··· MATERIAL SHOWN ···
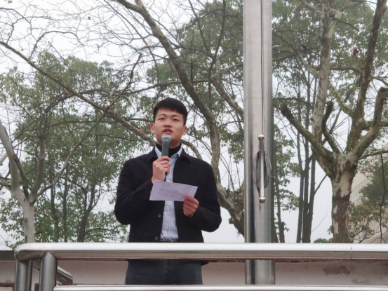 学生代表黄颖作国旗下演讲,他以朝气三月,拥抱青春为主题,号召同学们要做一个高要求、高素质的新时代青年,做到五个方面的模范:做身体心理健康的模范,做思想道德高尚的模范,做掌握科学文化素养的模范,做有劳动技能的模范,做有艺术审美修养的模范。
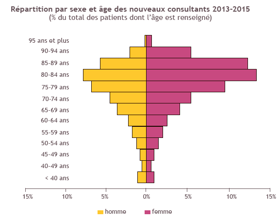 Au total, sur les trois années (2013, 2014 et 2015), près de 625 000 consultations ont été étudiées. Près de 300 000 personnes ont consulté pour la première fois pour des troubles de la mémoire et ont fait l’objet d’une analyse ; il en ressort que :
···
··· MATERIAL SHOWN ···
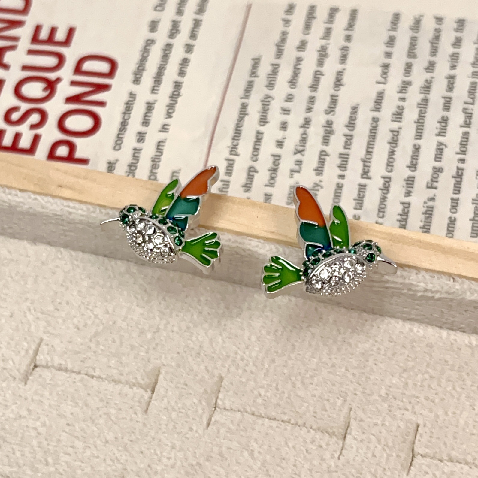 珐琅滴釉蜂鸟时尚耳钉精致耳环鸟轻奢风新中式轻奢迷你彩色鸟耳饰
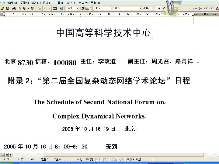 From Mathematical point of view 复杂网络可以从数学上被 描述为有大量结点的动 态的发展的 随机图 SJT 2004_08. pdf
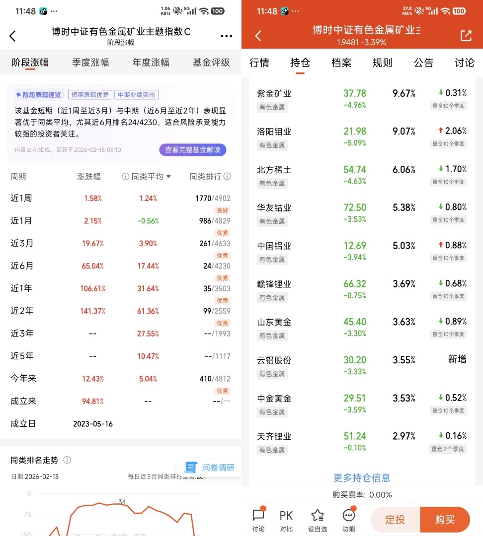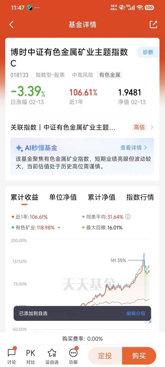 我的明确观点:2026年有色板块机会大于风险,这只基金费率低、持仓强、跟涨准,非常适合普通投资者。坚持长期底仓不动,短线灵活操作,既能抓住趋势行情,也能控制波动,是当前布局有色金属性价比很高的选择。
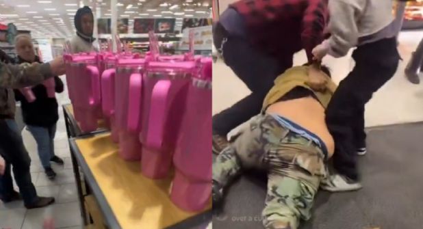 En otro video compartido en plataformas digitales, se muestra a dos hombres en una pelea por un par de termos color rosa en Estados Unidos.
···
··· MATERIAL SHOWN ···
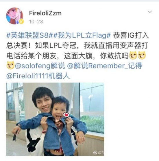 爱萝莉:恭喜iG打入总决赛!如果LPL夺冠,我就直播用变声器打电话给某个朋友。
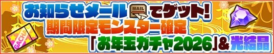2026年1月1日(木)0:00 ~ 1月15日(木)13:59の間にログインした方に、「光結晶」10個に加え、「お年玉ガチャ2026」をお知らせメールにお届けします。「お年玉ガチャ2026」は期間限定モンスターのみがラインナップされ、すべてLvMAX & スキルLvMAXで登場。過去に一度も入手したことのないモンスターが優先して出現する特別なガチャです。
···
§ INSTRUCTIONS FOR THE TASK
Using the data above, output the line that has "From Mathematical point", the line that has "En otro video", and whatever lines fall between, each exactly as it stands and without pictures.

§ OUTPUT FOR THIS EXERCISE
 From Mathematical point of view 复杂网络可以从数学上被 描述为有大量结点的动 态的发展的 随机图 SJT 2004_08. pdf
 我的明确观点:2026年有色板块机会大于风险,这只基金费率低、持仓强、跟涨准,非常适合普通投资者。坚持长期底仓不动,短线灵活操作,既能抓住趋势行情,也能控制波动,是当前布局有色金属性价比很高的选择。
 En otro video compartido en plataformas digitales, se muestra a dos hombres en una pelea por un par de termos color rosa en Estados Unidos.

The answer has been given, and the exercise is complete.